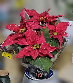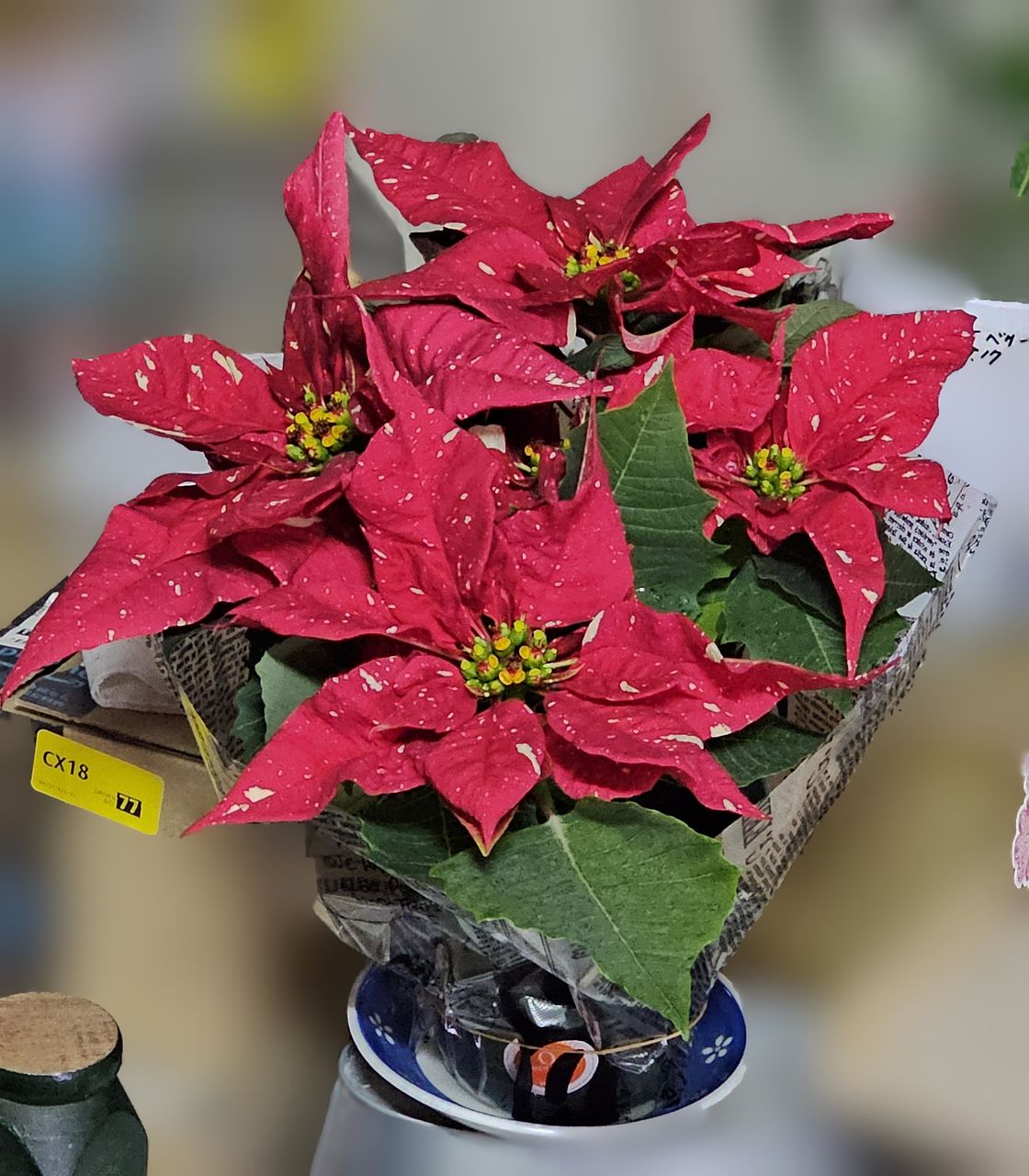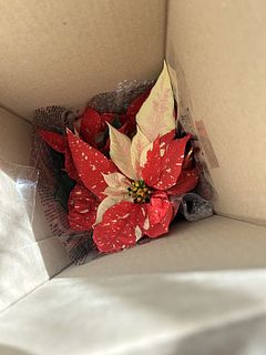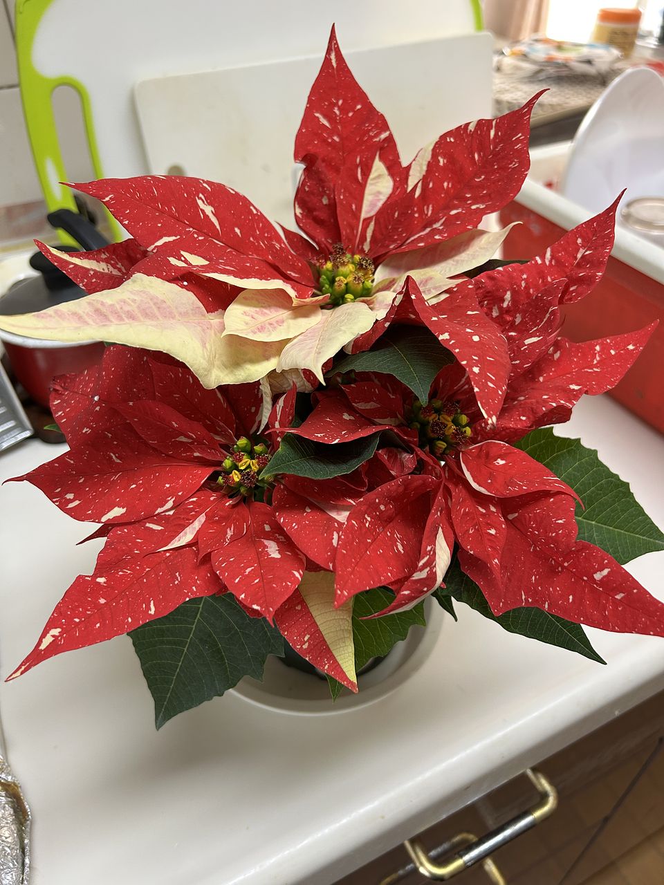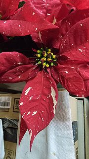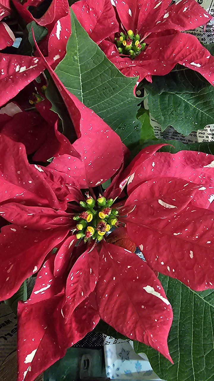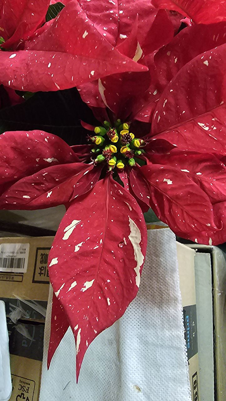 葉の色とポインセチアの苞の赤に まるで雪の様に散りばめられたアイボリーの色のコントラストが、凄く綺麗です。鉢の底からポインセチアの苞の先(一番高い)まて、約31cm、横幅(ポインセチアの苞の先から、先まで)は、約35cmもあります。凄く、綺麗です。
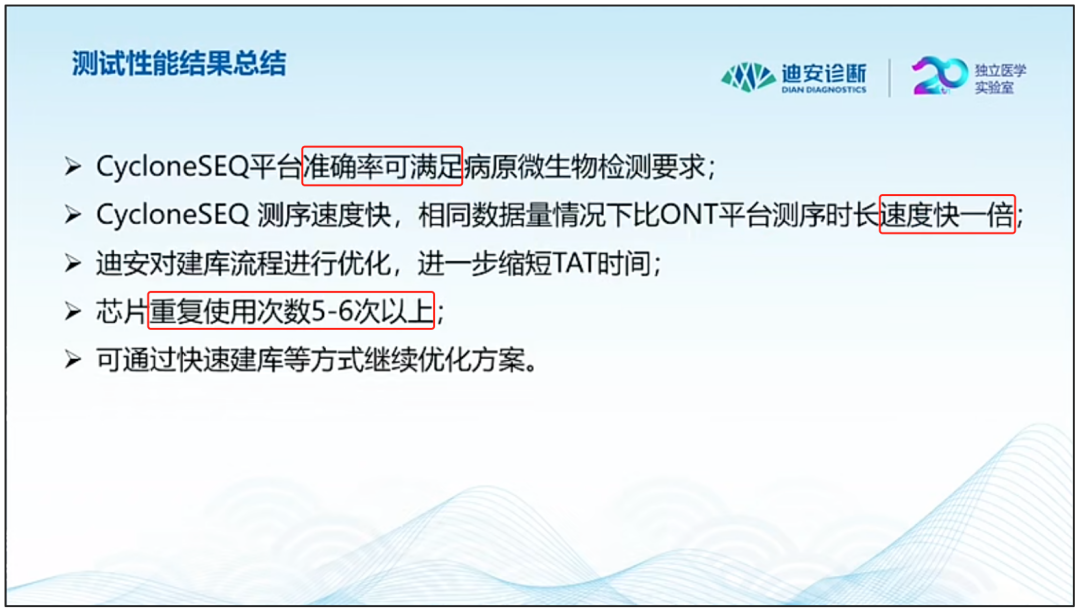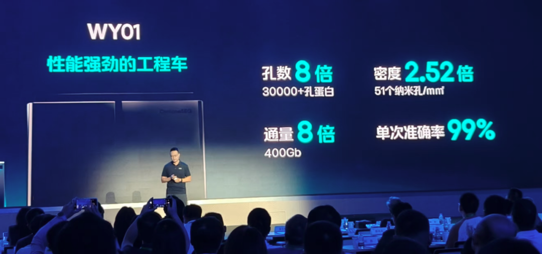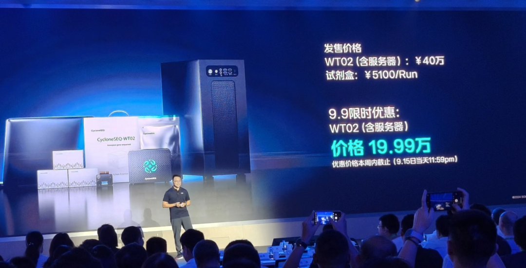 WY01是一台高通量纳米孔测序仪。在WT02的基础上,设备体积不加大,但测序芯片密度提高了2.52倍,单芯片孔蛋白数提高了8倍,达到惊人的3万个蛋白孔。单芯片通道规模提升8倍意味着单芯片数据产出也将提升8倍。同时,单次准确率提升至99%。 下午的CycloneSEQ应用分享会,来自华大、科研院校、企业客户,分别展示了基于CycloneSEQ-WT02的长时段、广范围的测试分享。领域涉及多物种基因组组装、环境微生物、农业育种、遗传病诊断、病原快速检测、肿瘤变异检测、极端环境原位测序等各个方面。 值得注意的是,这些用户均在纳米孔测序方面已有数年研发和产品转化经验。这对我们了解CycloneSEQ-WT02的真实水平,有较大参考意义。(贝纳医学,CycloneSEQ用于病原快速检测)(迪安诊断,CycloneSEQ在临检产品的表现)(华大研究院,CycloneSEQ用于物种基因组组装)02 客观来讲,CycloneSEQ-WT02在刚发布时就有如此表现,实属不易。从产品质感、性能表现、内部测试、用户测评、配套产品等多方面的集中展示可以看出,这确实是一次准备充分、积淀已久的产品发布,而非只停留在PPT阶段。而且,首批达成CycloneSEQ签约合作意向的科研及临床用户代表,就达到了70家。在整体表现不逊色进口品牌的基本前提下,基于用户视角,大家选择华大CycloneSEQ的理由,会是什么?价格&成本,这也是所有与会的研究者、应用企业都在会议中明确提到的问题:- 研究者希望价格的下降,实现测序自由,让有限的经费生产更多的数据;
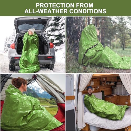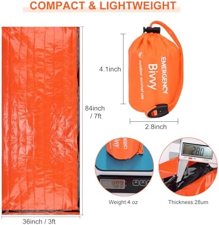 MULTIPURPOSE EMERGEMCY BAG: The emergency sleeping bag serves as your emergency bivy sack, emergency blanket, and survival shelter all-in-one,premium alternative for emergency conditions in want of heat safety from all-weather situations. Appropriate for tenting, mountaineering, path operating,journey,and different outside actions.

• Directions:
Your answer must be an exact copy of the listing, minus its pictures.

• Exercise answer:
 葉の色とポインセチアの苞の赤に まるで雪の様に散りばめられたアイボリーの色のコントラストが、凄く綺麗です。鉢の底からポインセチアの苞の先(一番高い)まて、約31cm、横幅(ポインセチアの苞の先から、先まで)は、約35cmもあります。凄く、綺麗です。
 WY01是一台高通量纳米孔测序仪。在WT02的基础上,设备体积不加大,但测序芯片密度提高了2.52倍,单芯片孔蛋白数提高了8倍,达到惊人的3万个蛋白孔。单芯片通道规模提升8倍意味着单芯片数据产出也将提升8倍。同时,单次准确率提升至99%。 下午的CycloneSEQ应用分享会,来自华大、科研院校、企业客户,分别展示了基于CycloneSEQ-WT02的长时段、广范围的测试分享。领域涉及多物种基因组组装、环境微生物、农业育种、遗传病诊断、病原快速检测、肿瘤变异检测、极端环境原位测序等各个方面。 值得注意的是,这些用户均在纳米孔测序方面已有数年研发和产品转化经验。这对我们了解CycloneSEQ-WT02的真实水平,有较大参考意义。(贝纳医学,CycloneSEQ用于病原快速检测)(迪安诊断,CycloneSEQ在临检产品的表现)(华大研究院,CycloneSEQ用于物种基因组组装)02 客观来讲,CycloneSEQ-WT02在刚发布时就有如此表现,实属不易。从产品质感、性能表现、内部测试、用户测评、配套产品等多方面的集中展示可以看出,这确实是一次准备充分、积淀已久的产品发布,而非只停留在PPT阶段。而且,首批达成CycloneSEQ签约合作意向的科研及临床用户代表,就达到了70家。在整体表现不逊色进口品牌的基本前提下,基于用户视角,大家选择华大CycloneSEQ的理由,会是什么?价格&成本,这也是所有与会的研究者、应用企业都在会议中明确提到的问题:- 研究者希望价格的下降,实现测序自由,让有限的经费生产更多的数据;
 MULTIPURPOSE EMERGEMCY BAG: The emergency sleeping bag serves as your emergency bivy sack, emergency blanket, and survival shelter all-in-one,premium alternative for emergency conditions in want of heat safety from all-weather situations. Appropriate for tenting, mountaineering, path operating,journey,and different outside actions.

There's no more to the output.